Byline: By Ross McCarthy

THERE are fewer more pulse racing experiences than the sight of a flotilla of tall ships sailing down a river.

And if you take a trip to France this summer a treat is in store because a whole fleet of these thoroughbreds of the sea will be coming down the Seine in all their splendour, passing under the newly built Gustave Flaubert Bridge and dropping anchor at Rouen.

It is all happening between July 5-14 when the city, for the fifth time, will host the Armada with spectators lined up on the banks of the river to watch the spectacle, while over the course of the 10 days a raft of entertainments are being laid on.

Guided boat trips touring around the ships will be available as well as the chance to go on board some of them and each night everyone will be able to enjoy a magnificent fireworks display.

Everything culminates on Bastille Day which marks the departure of the ships in a colourful parade along the Seine to rejoin the sea where some of them will travel on to Liverpool for the start of the Tall Ship's Race.

I have visited France many times over the years and explored many places although it was a long time since I had been to Rouen and my memories of this former capital of the powerful duchy of Normandy are vague.

Early holiday trips, arriving in the dark after leaving the ferry at Dieppe, parking on cobblestones next to the Seine, a hotel for the night and then, the next day, towards Paris and the South.

It had been little more than a staging post but during my recent visit I discovered this place, in the heart of Europe, which once rivalled Paris in importance, had a lot more to offer.

My route there was not via a ferry but by using Eurostar, boarding at its impressive new starting point, St Pancras.

No sooner had I finished my 'Express' breakfast we were going through the Channel Tunnel and after two and a quarter hours the high speed train was pulling into Gare du Nord in Paris.

A minibus then took our party to Rouen, halfway between Paris and the Channel and located in a meander of the Seine.

Visitors are offered guided tours of the city, which although having suffered significant bomb damage during the Second World War, has a well preserved historical centre with its medieval alleys and halftimbered houses, animated year round by numerous festivals and cultural or sporting events.

Rouen has also charmed many artists, in particular the impressionists, and at its centre is its magnificent cathedral, an inspiration for Claude Monet who immortalised its facade in a series of paintings.

Built over the course of several centuries American bombs destroyed a part of it which lead to 12 years of rebuilding but it still has its distinctive cast iron spire, the tallest in France, while Richard the Lionheart's heart is buried in the crypt.

Nearby is the Aitre Saint-Maclou, a large courtyard surrounded by half-timbered houses, dating from the Great Plague of 1348, which dealt a heavy toll on the local population and served as a plague cemetery.

In one corner there is a slightly macabre momento from the past, a glass case containing a cat's skeleton that was found in the walls.

Rouen is closely associated with Joan of Arc and in the Old Market Square a huge cross marks the spot where she was burnt at the stake on May 30, 1431 in the midst of the 100 Years' War which stands in front of the very modern St Joan of Arc's Church, its interior like a mini amphitheatre, its billowing wooden roof evoking the sea.

Shining sun-like above France's first pedestrian street is another memorable edifice, the Gros Horloge, its clock face with just a single hand indicating the hour.
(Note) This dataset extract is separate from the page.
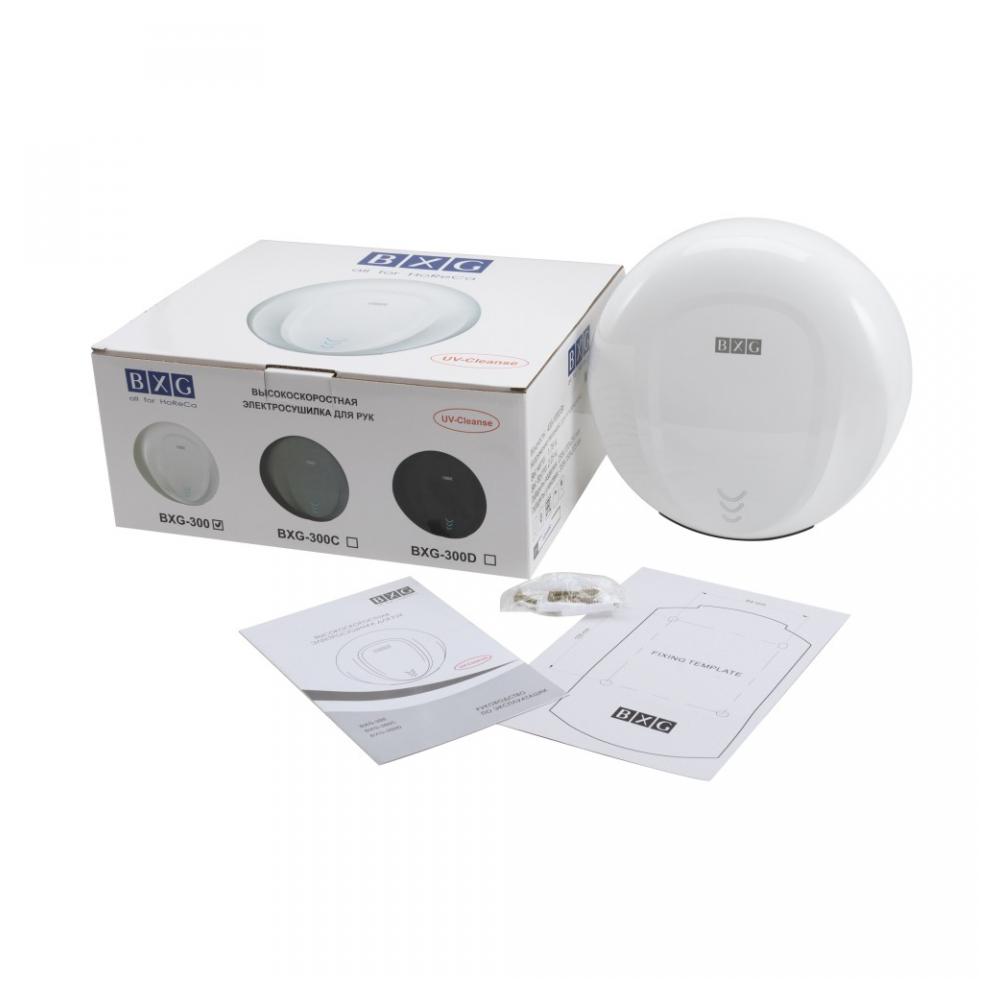 BXG-300 – Высокоскоростная электросушилка для рук нового поколения с функцией Ультрафиолетового обеззараживания. Сушилка выполнена из высокопрочного пластика ABS в благородном белом цвете с глянцевым покрытием. Гигиеничность: Внедрена передовая система очистки подаваемого воздуха, включая систему обеззараживания воздуха Ultraviolet Cleanse: Глубокая очистка воздуха – встроенный НЕРА-фильтр задерживает около 99% бактерий, вирусов, аллергенов, а так же мелкодисперсные частицы пыли из воздуха туалетной комнаты; Ultraviolet Cleanse (UV-Cleanse) – обеззараживание подаваемого воздуха за счет Ультрафиолетовой стерилизации – в результате облучения происходит инактивация 99% бактерий и вирусов. *Излучение от УФ светодиодов составляет 395-405 нм., что абсолютно безопасно для человека, но его достаточно для инактивации микроорганизмов (бактерий, вирусов, микробов), находящихся в воздухе туалетной комнаты.* Производительность: Установлен инновационный двигатель, оснащенный передовыми технологиями, обеспечивающими беспрецедентную скорость воздушного потока – 85м/сек. Это позволяет высушить руки за минимально возможное время – 7-10 секунд. ECO AIR System (EAS) – инновационная система, которая определяет температуру воздуха в помещении и автоматически регулирует температуру подаваемого на руки воздуха, значительно оптимизируя при этом эксплутационные расходы. Безопасность: BXG-300 обладает высоким классом пыле/влагозащиты – IP23: исключено попадание влаги и крупнодисперсной пыли внутрь устройства со всех сторон и исключена возможность короткого замыкания или удара электрическим током при правильной эксплуатации. Благодаря ИК-датчикам и технологии микропроцессорного управления осуществляется независимый контроль, который предотвращает слишком долгое использование сушилки или использование не по назначению. Прибор оснащён устройством автоматического отключения на случай перегрева, короткого замыкания или скачков напряжения в электросети. Экологичность: Сушилка изготовлена из высококачественных материалов, которые полностью безопасны и нетоксичны. Невысокий уровень потребляемой мощности + EAS система + высокая скорость сушки рук – все это значительно экономит электроэнергию. Элегантность: Дизайн сушилки выполнен в элегантном овальном стиле и впишется в любой интерьер санитарной комнаты. Воздуховодные отверстия размещены внизу по корпусу, а форсунки направляют воздух под специальным углом, направляя потоки воздуха от стены на руки, создавая комфортную сушку рук. Сушилка оснащена световыми LED-индикатором не передней крышке сушилки, обеспечивающим визуальную индикацию работы. Зеленый индикатор – сушилка включена. При начале работы сушилки загорается красный индикатор. Надежность: Высокая степень защиты + инновационные технологии говорят о высокой степени надежности, что подтверждается Гарантией качества и производительности в 24 месяца. Характеристики: Напряжение питания: 220-240В±5% (50-60 Гц); Мощность: 400 Вт – двигателя, 1000 Вт - номинальная; Степень влагозащиты: IP23; Максимальная скорость воздушного потока: 85 м/с; Температурный режим: ECO AIR System; Количество скоростей воздушного потока: 1; Защита от перегрузки: да; Защита от перегрева: да; Механизм включения: автоматический; Материал корпуса: ABS-пластик; Цвет корпуса: белый; Покрытие поверхности: глянец; Уровень

It was built when the town was granted the status of a city with the right to ring its own bells.

The city is a magnet for antiques lovers and is known for its fine cooking while those who come to Normandy can enjoy some of the region's excellent cuisine centred around some wonderful cheeses such as Camembert, Pont L'Eveque, Livarot and Neufchatel, and many different varities of apples.

Those looking to get away from the madding crowd can leave the city and enjoy some of the natural surroundings as well as beautiful gardens, chateaux and religious monuments.
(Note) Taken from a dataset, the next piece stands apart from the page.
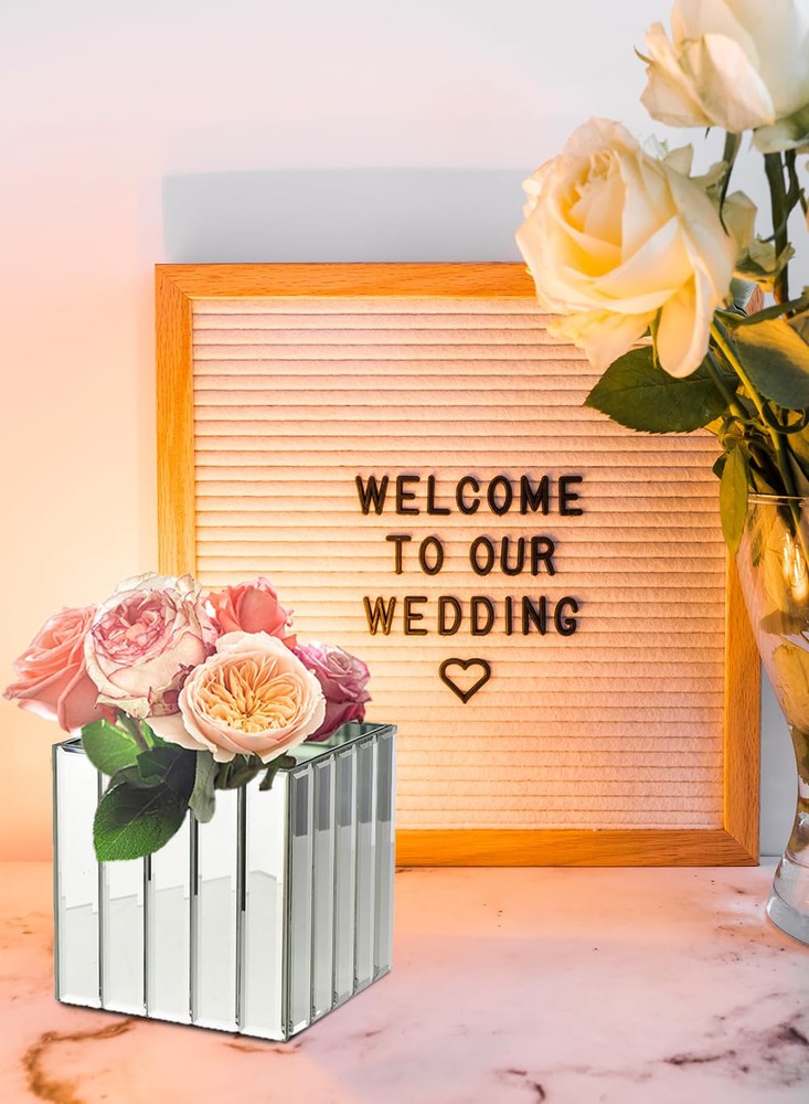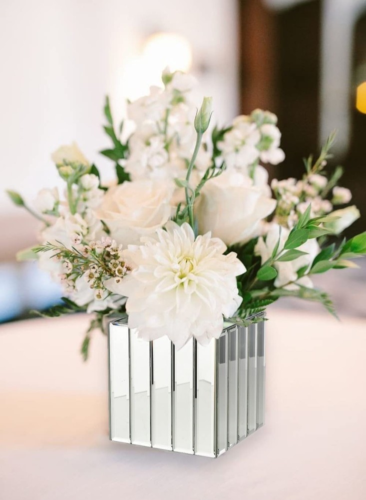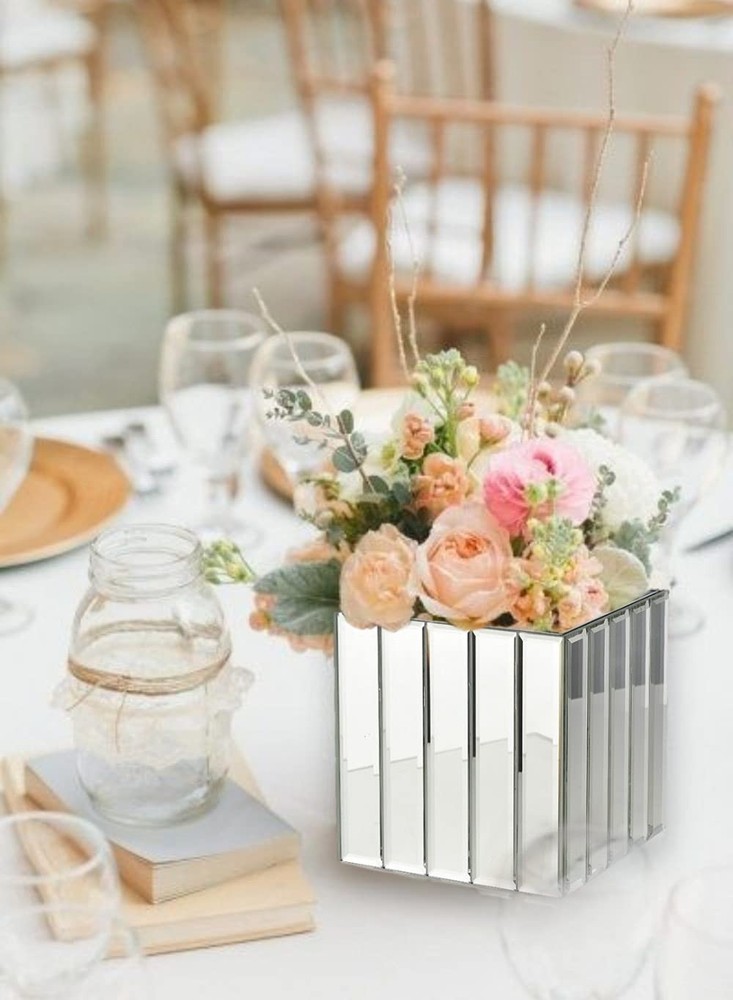 Mirrored Vase - The art deco style heavy cube vase features mirrored glass strips on each side of the exterior for a stylish design. Sold as a set of 6. Heavy Cubes - The 5.75-inch cube shape of the vase also could be used as a votive holder for a candle thanks to its weight, and a smaller vase is available separately Multiple Use Cases - The style of the cube vase will work well in your home, at a wedding, in a restaurant or almost anywhere Modern Design - The art deco cube vase includes a mirror panel on each of the four interior walls, which yields a modern design look Add a Floral Bouquet - To complete the serene look this mirrored cube vase provides, add some simple artificial flowers or greenery

At the Chateau de Bois Guilbert, owner and sculptor Jean-Marc de Pas has filled his extensive estate with soulful sculptures inspired by natural themes.

Some of the human figures have been posed by models while others are historical including the heads of the founding fathers of the European Parliament and there is a lute player serenading a wistful looking woman.

This is obviously a labour of love with several works in progress such as a maze-like structure which will eventually grow into a funnel, the visitor being invited to lie in the middle and gaze up at the cosmos.

North of Rouen is the Bellevue Garden at Beaumont le Hareng, a six hectacre park known for its collection of oriental Hellobores, while in contrast, near to Dieppe and overlooking the coast is the Bois de Moutiers at Varengeville-sur-mer, a house, designed by Sir Edwin Lutyens, with an English style formal gardens.

In one of the meanders of the Seine is Jumieges which has a marvelous abbey described as 'The most beautiful ruin in France.'

One of the region's most famous produces is Calvados and those wishing to have a closer acquaintance with this apple brandy can visit the Busnel distillery at Cormeilles in the Pays d'Auge for a guided tour where it is lovingly distilled and bottled

I was lucky enough to get to taste three different vintages feeling it would have been rude not to have finished the glasses offered and that it was good insulation against the inclement weather, rain being a common occurance in this part of the world.

There are plenty of gites and hotels to stay at and if you fancy something a little bit special there is Le Petit Coq au Champs near Pont-Audemer, a pretty thatched, half-timbered hotel with a chef producing top class food.

And after sampling the delights of Normandy cuisine it might be a good idea to take a walk in the natural regional park of the Seine which follows the curves of the river and offers some some good vantage points to watch the Armada.

Getting there

Return Eurostar fares from London to Paris start at pounds 59 in standard class. For bookings visit www.raileurope.co.uk or call 0844 848 4070.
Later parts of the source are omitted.